To evaluate the performance of the MLP model on the cloud classification task, we established a comprehensive evaluation framework. The evaluation encompassed two main aspects. (1) Probability Distribution Analysis: We analyzed the model’s predicted probability distribution for each sample across the three categories (ice, water, oriented ice) to assess classification confidence and uncertainty. (2) Confusion Matrix and Metrics: We constructed confusion matrices, counting true positives, false positives, false negatives, and true negatives for each category. From these, we computed precision, recall, and F1-score for each class as key performance indicators.

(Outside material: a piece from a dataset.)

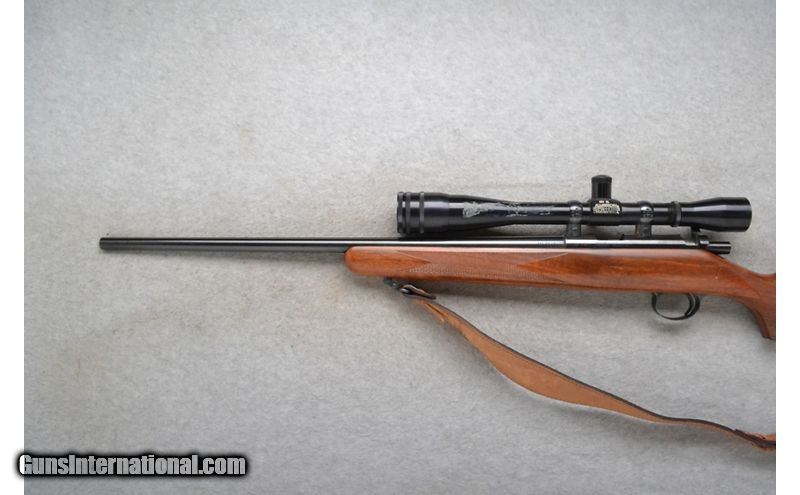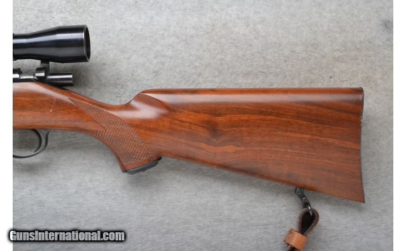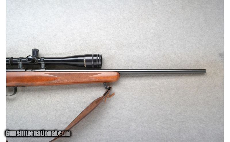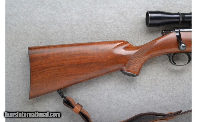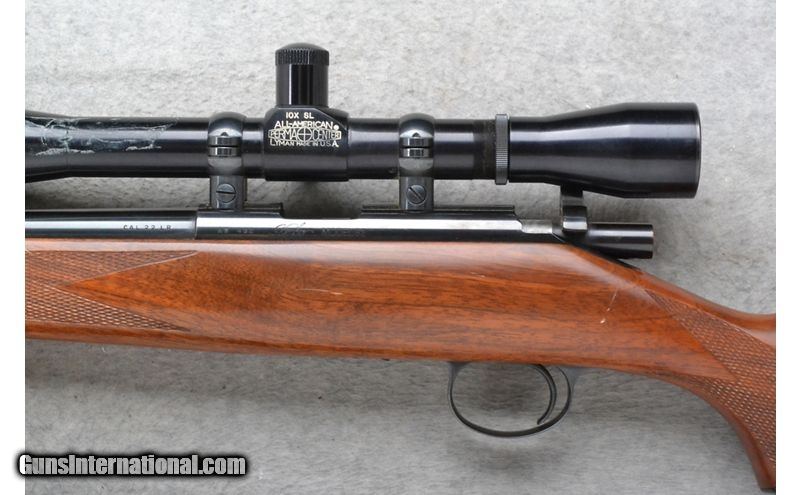 Description: This Kimber of Oregon Model 82 is a right hand bolt action rifle in .22 Long Rifle Cal. It has a 22.5 inch barrel. It is outfitted with a Lyman made scope. No iron sights. The butt stock is a checkered grip walnut pistol grip with a steel cap. The forearm is a checkered grip walnutes with a leather sling. .22 Long Rifle SOLD Chambers: 5 shot detachable magazine. Metal Condition: Excellent. Wood Condition: Very Good with minor handling marks. Bore Condition: Excellent. Barrels: 22.5 inch. Stock Dimensions: LOP 13 1/2 inches. Fore End: Checkered grip walnut. Butt Pad: Checkered steel plate. Weight: 7 Lb. 14 Oz. Sights: Lyman All-American 10X SL Scope. No iron sights. Item Location: Richfield, WI |

This multi-level evaluation provides a robust basis for validating model performance.

The validation results demonstrate that the MLP neural network achieved excellent classification performance. According to the confusion matrix (Figure 3), the model performed very well for the major cloud types. For the ice cloud category (Class 1), the accuracy reached 98.8%; only ~1.1% of ice cloud samples were misclassified, indicating a high recognition rate. The water cloud category (Class 2) had the best performance, with 92.9% accuracy—only 7.1% of water cloud samples were misclassified. For the oriented ice crystal category (Class 3), the model’s recognition ability was weaker: accuracy was 84.1%, with 15.9% of oriented ice crystal samples misclassified (most of those, 14.7%, were wrongly predicted as regular ice clouds). This behavior is consistent with the known similarity in optical characteristics between oriented ice crystals and non-oriented ice clouds, which makes their separation more challenging for both algorithmic and learned classifiers.

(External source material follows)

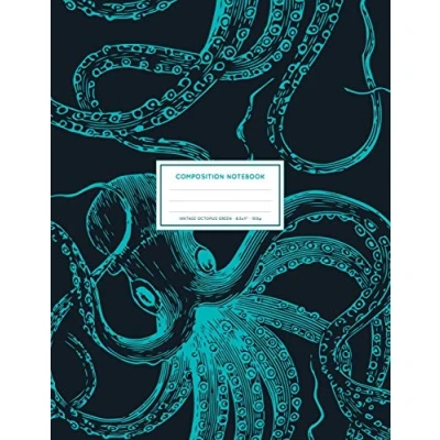 Vintage Octopus Green: Ocean Sea Life Notebook College Ruled 8.5x11" LARGE 100 Lined Pages

Using receiver operating characteristic (ROC) curves and the derived metrics (Figure 4), we observed that the model’s discriminative ability was high for all classes (area under each ROC curve, AUC > 0.99). However, the performance metrics reveal important disparities. For ice clouds (Class 1, ~36.8% of samples) and water clouds (Class 2, ~62.7%), the model achieved outstanding precision (91.89% and 99.12% respectively), recall (98.83% and 92.92%), and F1-scores (~0.95 and 0.96). In contrast, for oriented ice crystals (Class 3, only 0.58% of samples), despite a high AUC of 0.991, the precision was much lower (42.57%) with a recall of 84.12% (F1-score ~0.57).

Two main factors contributed to this discrepancy for Class 3 (oriented ice crystals). (1) Severe class imbalance: Even after SMOTE oversampling, oriented ice crystal samples were far fewer than ice or water cloud samples (originally ~76,000 vs. millions for the other classes), making it difficult for the model to learn this minority class thoroughly. (2) Complex cloud coexistence: Oriented ice crystals often coexist with or transition into other cloud types under certain conditions [26], blurring the boundaries between classes and complicating the classification task.

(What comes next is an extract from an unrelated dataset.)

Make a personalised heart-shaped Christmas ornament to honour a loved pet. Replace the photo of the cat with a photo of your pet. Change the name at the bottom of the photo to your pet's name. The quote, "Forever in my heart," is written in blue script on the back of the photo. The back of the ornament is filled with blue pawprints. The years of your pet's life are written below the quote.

These factors collectively imply that while the model can effectively detect the presence of oriented ice crystals (reflected in the high recall), it tends to over-predict oriented ice crystals for some samples that are actually other cloud types (hence the low precision). This leads to reduced overall performance on this minority class, despite the promising ROC curve.

As shown in Figure 5, the distribution of predicted probabilities offers further insight into the model’s confidence characteristics. For ice clouds (Class 1) and water clouds (Class 2), the model shows strong discriminative power: the predicted probabilities for correctly classified samples (blue bars) are mostly very high (0.8–1.0 range), whereas the probabilities when the model is wrong (red bars) are generally very low (0–0.2). This clear separation indicates high confidence in identifying these cloud types. In contrast, for oriented ice crystals (Class 3), the probability distribution is more dispersed. While correctly classified oriented ice samples still tend to have high predicted probabilities (peak in 0.8–1.0 range), the incorrect predictions are spread more broadly, especially in the mid-range (0.4–0.8). This reflects the model’s relatively high uncertainty in recognizing oriented ice crystals—a direct consequence of their limited training sample size (only ~0.58% of data). Analyzing the probability outputs in this way not only quantifies model confidence but also helps identify which classification results should be treated with caution.

3.2. Physical Consistency Validation of Reclassified Cloud Types

In addition to statistical evaluation using high-confidence CALIPSO samples, we assess the physical consistency of the MLP-reclassified cloud types by examining their vertical cloud-top height characteristics. This analysis is designed to complement conventional supervised performance metrics and does not rely on CALIPSO categorical labels as a validation reference. Instead, it evaluates whether the reclassified cloud categories exhibit physically plausible vertical structures that are consistent with established cloud physical understanding, thereby providing an additional, label-independent assessment of the model output.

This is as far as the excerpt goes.